IMPORTANTE: cualquiera de las especies identificadas por MALDI-TOF, se recomienda que sean informadas como Achromobacter sp., puesto que no se logra identificación a nivel de especie.

Se recomienda consultar el Anexo para la identificación microbiológica mediante pruebas fenotípicas.

 

Tabla 1. Traducción de especies de Achromobacter de origen clínico Download the spring jsp file.
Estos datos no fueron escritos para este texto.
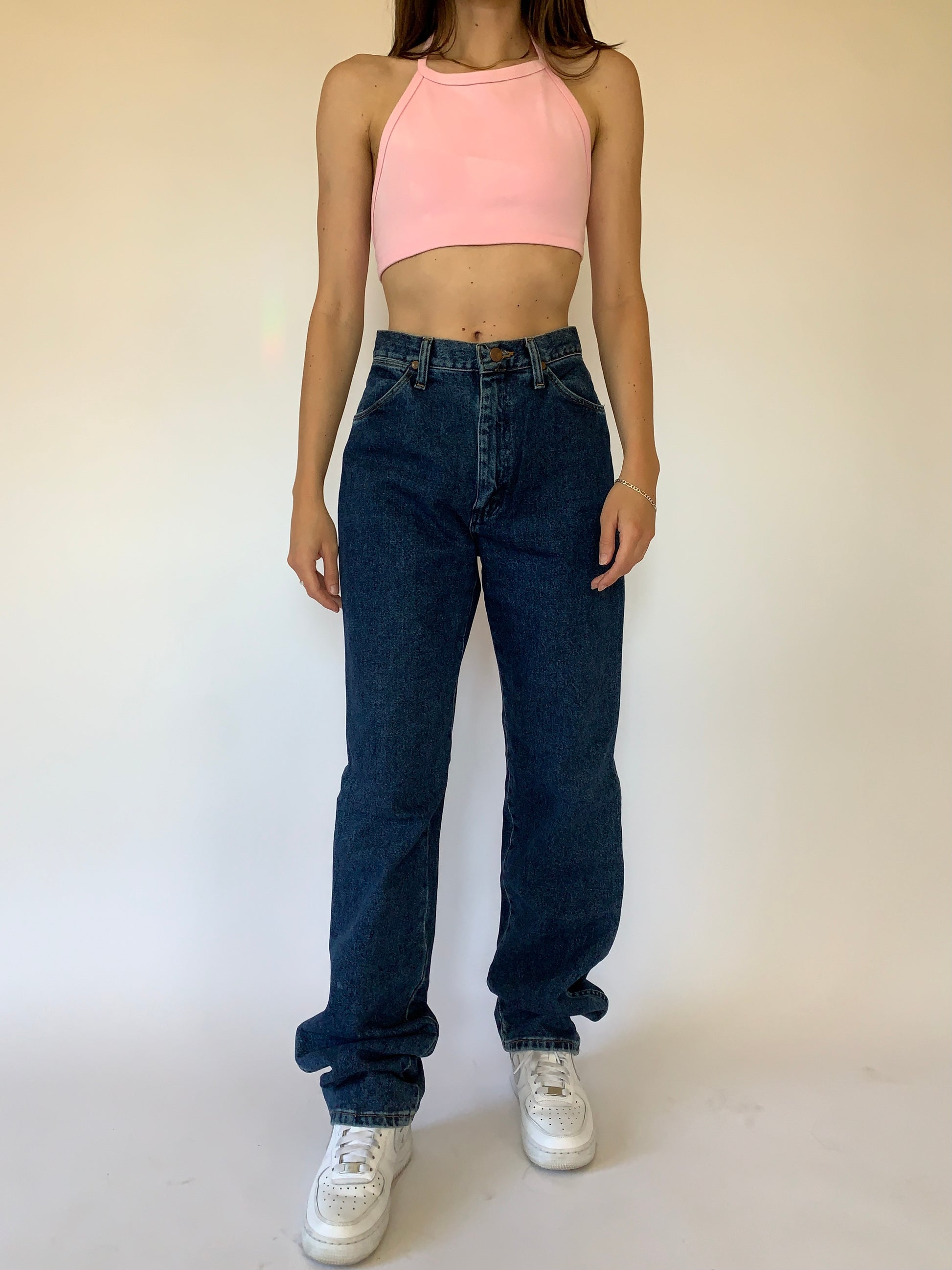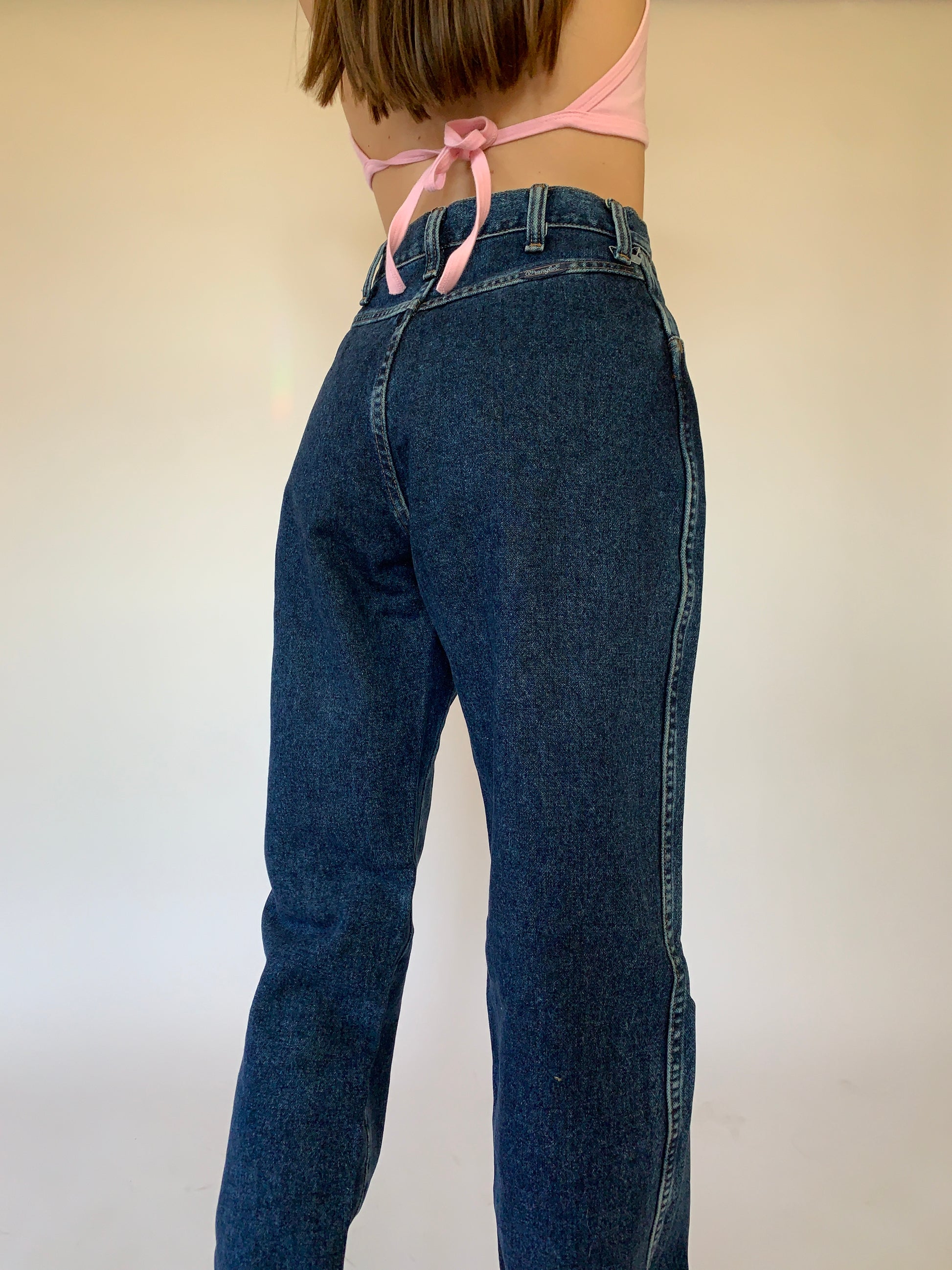 Vintage Wrangler jeans. High waisted with a zip fly and straight leg. In a dark blue wash. 100% cotton denim. Made in USA. In excellent vintage condition. Tagged size 5/6, best fits 26-27” waist.
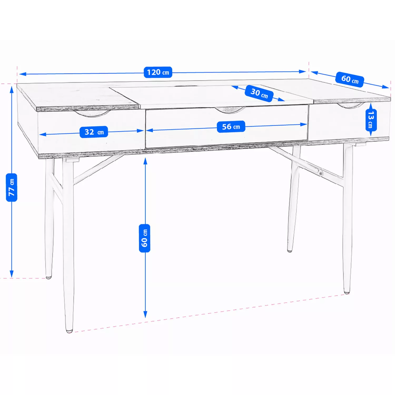 Caracteristici pentru Masa de birou Nex Home MASA DE BIROU CU UN SERTAR, JUMI, 120X60X77CM, STEJAR/ALB

Especie Presencia en Base de datos Bruker (BD) Nro de MSPs en BD
A. xylosoxidans SI 7
A. ruhlandii SI 1
A Download the virus total sample. marplatensis NO  
A. pulmonis NO  
A. dolens NO  
A. insuavis NO  
A 맨발 의 꿈 다운로드. denitrificans SI 3
A. mucicolens NO  
A. animicus NO  
A. aegrifaciens NO  
A 포장마차 mp3. anxifer NO  
A.    insolitus SI 2
A. piechaudii SI 2
A. sediminum NO  
A Zhang Sase downloaded The Tekbon. spanius SI 2
A.spiritinus NO  

 

Referencias:

  • AbdulWahab A, Taj-Aldeen SJ, ibrahi, EB, Talaq E, Abu-Madi M, Fotedar R. Discrepancy in MALDI-TOF MS identification of uncommon Gram-negative bacteria from lower respiratory secretions in patients with cystic fibrosis. Infection and Drug Resistance 2015;8,83-88 코비 홈 빌더. doi: https://doi.org/10.2147/IDR.S80341
  • Alby K, Gilligan PH, Miller MB. Comparison of matrix-assisted laser desorption ionization–time of flight (maldi-tof) mass spectrometry platforms for the Iientification of gram-negative rods from patients with cystic fibrosis. J Clin Microbiol 2013;51(11):3852-4. doi: 10.1128/JCM.01618-13.
  • Barrado L, Brañas P,  Orellana MA,  Martínez MT,  García G, Otero JR,  Chaves F crystaldiskmark 다운로드. Molecular Characterization of Achromobacter Isolates from Cystic Fibrosis and Non-Cystic Fibrosis Patients in Madrid, Spain. J Clin Microbiol 2013; 51(6): 1927–1930. doi:  10.1128/JCM.00494-13
  • Fernández-Olmos A, García-Castillo M, Morosini MI, Lamas A, Màiz L, Cantón R. MALDI-TOF MS improves routine identification of non-fermenting Gram negative isolates from cystic fibrosis patients 멜론 해외 다운로드. J Cyst Fibros 2012;11(1):59-62. doi: 10.1016/j.cf.2011.09.001.
  • Rodrigues ER, Ferreira AG, Leão RS, Leite CC, Carvalho-Assef AP, Albano RM, Marques EA. Characterization of Achromobacter Species in Cystic Fibrosis Patients: Comparison of bla(OXA-114) PCR Amplification, Multilocus Sequence Typing, and Matrix-Assisted Laser Desorption Ionization-Time of Flight Mass Spectrometry Simplified. J Clin Microbiol 2015;53(12):3894-6. doi: 10.1128/JCM.02197-15
  • Vandamme PA​,  Peeters C,  Inganäs E​, Cnockaert M​,  Houf K, Spilker T, Moore ER, LiPuma JJ. Taxonomic dissection of Achromobacter denitrificans Coenye et al. 2003 and proposal of Achromobacter agilis sp. nov., nom. rev., Achromobacter pestifer sp. nov., nom. rev., Achromobacter kerstersii sp. nov. and Achromobacter deleyi sp. nov. Int J Syst Evol Microbiol 2016; 66(9):3708-3717. doi: 10.1099/ijsem.0.001254.